Material provided START

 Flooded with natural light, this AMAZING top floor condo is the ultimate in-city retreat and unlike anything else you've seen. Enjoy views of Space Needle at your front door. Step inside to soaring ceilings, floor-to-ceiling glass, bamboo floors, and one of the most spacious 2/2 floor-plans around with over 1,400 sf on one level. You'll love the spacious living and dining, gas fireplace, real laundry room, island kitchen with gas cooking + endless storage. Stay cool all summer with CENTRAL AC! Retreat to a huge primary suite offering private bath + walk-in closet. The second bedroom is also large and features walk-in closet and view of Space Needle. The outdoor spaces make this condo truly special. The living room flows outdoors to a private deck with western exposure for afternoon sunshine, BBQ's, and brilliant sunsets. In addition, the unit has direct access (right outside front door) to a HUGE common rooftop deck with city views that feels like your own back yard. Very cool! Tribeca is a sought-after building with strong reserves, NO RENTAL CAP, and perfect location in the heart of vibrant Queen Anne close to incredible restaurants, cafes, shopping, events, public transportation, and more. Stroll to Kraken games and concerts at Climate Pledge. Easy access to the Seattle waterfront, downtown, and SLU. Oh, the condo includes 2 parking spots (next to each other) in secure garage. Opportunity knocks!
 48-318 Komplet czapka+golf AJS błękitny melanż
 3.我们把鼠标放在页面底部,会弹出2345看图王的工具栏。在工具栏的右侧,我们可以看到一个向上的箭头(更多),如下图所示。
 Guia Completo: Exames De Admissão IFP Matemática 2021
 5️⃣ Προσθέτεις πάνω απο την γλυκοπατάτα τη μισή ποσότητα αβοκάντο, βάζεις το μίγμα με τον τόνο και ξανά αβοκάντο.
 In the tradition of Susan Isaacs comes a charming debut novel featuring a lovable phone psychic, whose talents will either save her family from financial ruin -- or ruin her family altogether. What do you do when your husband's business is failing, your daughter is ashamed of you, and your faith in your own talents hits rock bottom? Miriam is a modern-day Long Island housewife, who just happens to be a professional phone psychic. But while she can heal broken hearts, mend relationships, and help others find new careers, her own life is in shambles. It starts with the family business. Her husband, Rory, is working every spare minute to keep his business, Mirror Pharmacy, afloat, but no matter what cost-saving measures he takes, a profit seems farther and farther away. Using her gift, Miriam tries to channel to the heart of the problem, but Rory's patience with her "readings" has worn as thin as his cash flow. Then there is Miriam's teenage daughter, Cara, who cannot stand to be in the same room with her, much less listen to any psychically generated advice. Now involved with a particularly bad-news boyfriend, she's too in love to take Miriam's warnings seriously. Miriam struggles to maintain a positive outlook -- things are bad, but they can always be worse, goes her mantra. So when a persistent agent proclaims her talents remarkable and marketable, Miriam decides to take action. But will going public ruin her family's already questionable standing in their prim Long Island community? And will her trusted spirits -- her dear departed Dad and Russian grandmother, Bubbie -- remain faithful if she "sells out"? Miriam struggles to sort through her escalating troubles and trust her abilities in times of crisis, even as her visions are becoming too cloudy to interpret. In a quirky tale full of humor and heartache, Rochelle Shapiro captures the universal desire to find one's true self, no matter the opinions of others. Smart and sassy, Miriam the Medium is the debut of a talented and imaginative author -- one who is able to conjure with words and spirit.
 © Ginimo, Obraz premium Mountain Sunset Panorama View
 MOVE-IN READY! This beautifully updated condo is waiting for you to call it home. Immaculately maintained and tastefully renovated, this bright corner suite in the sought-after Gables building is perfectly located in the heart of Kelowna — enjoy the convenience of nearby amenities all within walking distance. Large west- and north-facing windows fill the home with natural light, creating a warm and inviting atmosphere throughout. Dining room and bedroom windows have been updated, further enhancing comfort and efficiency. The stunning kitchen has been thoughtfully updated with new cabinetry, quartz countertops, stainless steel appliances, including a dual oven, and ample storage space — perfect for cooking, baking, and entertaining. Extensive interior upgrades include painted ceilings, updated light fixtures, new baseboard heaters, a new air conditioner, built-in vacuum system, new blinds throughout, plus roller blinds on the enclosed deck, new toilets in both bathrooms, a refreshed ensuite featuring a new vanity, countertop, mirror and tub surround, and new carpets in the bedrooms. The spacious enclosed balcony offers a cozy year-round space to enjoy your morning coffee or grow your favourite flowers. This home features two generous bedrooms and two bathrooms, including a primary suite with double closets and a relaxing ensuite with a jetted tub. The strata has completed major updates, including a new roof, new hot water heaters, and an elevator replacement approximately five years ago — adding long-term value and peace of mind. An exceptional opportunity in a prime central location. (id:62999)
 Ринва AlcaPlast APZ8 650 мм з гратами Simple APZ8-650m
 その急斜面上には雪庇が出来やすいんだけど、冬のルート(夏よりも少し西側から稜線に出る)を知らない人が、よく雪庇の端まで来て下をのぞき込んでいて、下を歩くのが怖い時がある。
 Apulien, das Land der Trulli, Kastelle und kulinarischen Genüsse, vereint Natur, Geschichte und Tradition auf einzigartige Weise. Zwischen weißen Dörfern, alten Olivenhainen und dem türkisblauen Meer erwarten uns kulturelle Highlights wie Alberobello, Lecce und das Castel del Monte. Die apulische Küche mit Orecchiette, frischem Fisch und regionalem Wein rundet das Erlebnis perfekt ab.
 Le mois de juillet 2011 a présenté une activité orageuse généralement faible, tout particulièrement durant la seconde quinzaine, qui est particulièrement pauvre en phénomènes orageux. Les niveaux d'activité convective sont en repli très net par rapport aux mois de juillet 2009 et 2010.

Material provided END

### [Exercise]
Go through the records above and write each one out again exactly.

### [Written answer]
 Flooded with natural light, this AMAZING top floor condo is the ultimate in-city retreat and unlike anything else you've seen. Enjoy views of Space Needle at your front door. Step inside to soaring ceilings, floor-to-ceiling glass, bamboo floors, and one of the most spacious 2/2 floor-plans around with over 1,400 sf on one level. You'll love the spacious living and dining, gas fireplace, real laundry room, island kitchen with gas cooking + endless storage. Stay cool all summer with CENTRAL AC! Retreat to a huge primary suite offering private bath + walk-in closet. The second bedroom is also large and features walk-in closet and view of Space Needle. The outdoor spaces make this condo truly special. The living room flows outdoors to a private deck with western exposure for afternoon sunshine, BBQ's, and brilliant sunsets. In addition, the unit has direct access (right outside front door) to a HUGE common rooftop deck with city views that feels like your own back yard. Very cool! Tribeca is a sought-after building with strong reserves, NO RENTAL CAP, and perfect location in the heart of vibrant Queen Anne close to incredible restaurants, cafes, shopping, events, public transportation, and more. Stroll to Kraken games and concerts at Climate Pledge. Easy access to the Seattle waterfront, downtown, and SLU. Oh, the condo includes 2 parking spots (next to each other) in secure garage. Opportunity knocks!
 48-318 Komplet czapka+golf AJS błękitny melanż
 3.我们把鼠标放在页面底部,会弹出2345看图王的工具栏。在工具栏的右侧,我们可以看到一个向上的箭头(更多),如下图所示。
 Guia Completo: Exames De Admissão IFP Matemática 2021
 5️⃣ Προσθέτεις πάνω απο την γλυκοπατάτα τη μισή ποσότητα αβοκάντο, βάζεις το μίγμα με τον τόνο και ξανά αβοκάντο.
 In the tradition of Susan Isaacs comes a charming debut novel featuring a lovable phone psychic, whose talents will either save her family from financial ruin -- or ruin her family altogether. What do you do when your husband's business is failing, your daughter is ashamed of you, and your faith in your own talents hits rock bottom? Miriam is a modern-day Long Island housewife, who just happens to be a professional phone psychic. But while she can heal broken hearts, mend relationships, and help others find new careers, her own life is in shambles. It starts with the family business. Her husband, Rory, is working every spare minute to keep his business, Mirror Pharmacy, afloat, but no matter what cost-saving measures he takes, a profit seems farther and farther away. Using her gift, Miriam tries to channel to the heart of the problem, but Rory's patience with her "readings" has worn as thin as his cash flow. Then there is Miriam's teenage daughter, Cara, who cannot stand to be in the same room with her, much less listen to any psychically generated advice. Now involved with a particularly bad-news boyfriend, she's too in love to take Miriam's warnings seriously. Miriam struggles to maintain a positive outlook -- things are bad, but they can always be worse, goes her mantra. So when a persistent agent proclaims her talents remarkable and marketable, Miriam decides to take action. But will going public ruin her family's already questionable standing in their prim Long Island community? And will her trusted spirits -- her dear departed Dad and Russian grandmother, Bubbie -- remain faithful if she "sells out"? Miriam struggles to sort through her escalating troubles and trust her abilities in times of crisis, even as her visions are becoming too cloudy to interpret. In a quirky tale full of humor and heartache, Rochelle Shapiro captures the universal desire to find one's true self, no matter the opinions of others. Smart and sassy, Miriam the Medium is the debut of a talented and imaginative author -- one who is able to conjure with words and spirit.
 © Ginimo, Obraz premium Mountain Sunset Panorama View
 MOVE-IN READY! This beautifully updated condo is waiting for you to call it home. Immaculately maintained and tastefully renovated, this bright corner suite in the sought-after Gables building is perfectly located in the heart of Kelowna — enjoy the convenience of nearby amenities all within walking distance. Large west- and north-facing windows fill the home with natural light, creating a warm and inviting atmosphere throughout. Dining room and bedroom windows have been updated, further enhancing comfort and efficiency. The stunning kitchen has been thoughtfully updated with new cabinetry, quartz countertops, stainless steel appliances, including a dual oven, and ample storage space — perfect for cooking, baking, and entertaining. Extensive interior upgrades include painted ceilings, updated light fixtures, new baseboard heaters, a new air conditioner, built-in vacuum system, new blinds throughout, plus roller blinds on the enclosed deck, new toilets in both bathrooms, a refreshed ensuite featuring a new vanity, countertop, mirror and tub surround, and new carpets in the bedrooms. The spacious enclosed balcony offers a cozy year-round space to enjoy your morning coffee or grow your favourite flowers. This home features two generous bedrooms and two bathrooms, including a primary suite with double closets and a relaxing ensuite with a jetted tub. The strata has completed major updates, including a new roof, new hot water heaters, and an elevator replacement approximately five years ago — adding long-term value and peace of mind. An exceptional opportunity in a prime central location. (id:62999)
 Ринва AlcaPlast APZ8 650 мм з гратами Simple APZ8-650m
 その急斜面上には雪庇が出来やすいんだけど、冬のルート(夏よりも少し西側から稜線に出る)を知らない人が、よく雪庇の端まで来て下をのぞき込んでいて、下を歩くのが怖い時がある。
 Apulien, das Land der Trulli, Kastelle und kulinarischen Genüsse, vereint Natur, Geschichte und Tradition auf einzigartige Weise. Zwischen weißen Dörfern, alten Olivenhainen und dem türkisblauen Meer erwarten uns kulturelle Highlights wie Alberobello, Lecce und das Castel del Monte. Die apulische Küche mit Orecchiette, frischem Fisch und regionalem Wein rundet das Erlebnis perfekt ab.
 Le mois de juillet 2011 a présenté une activité orageuse généralement faible, tout particulièrement durant la seconde quinzaine, qui est particulièrement pauvre en phénomènes orageux. Les niveaux d'activité convective sont en repli très net par rapport aux mois de juillet 2009 et 2010.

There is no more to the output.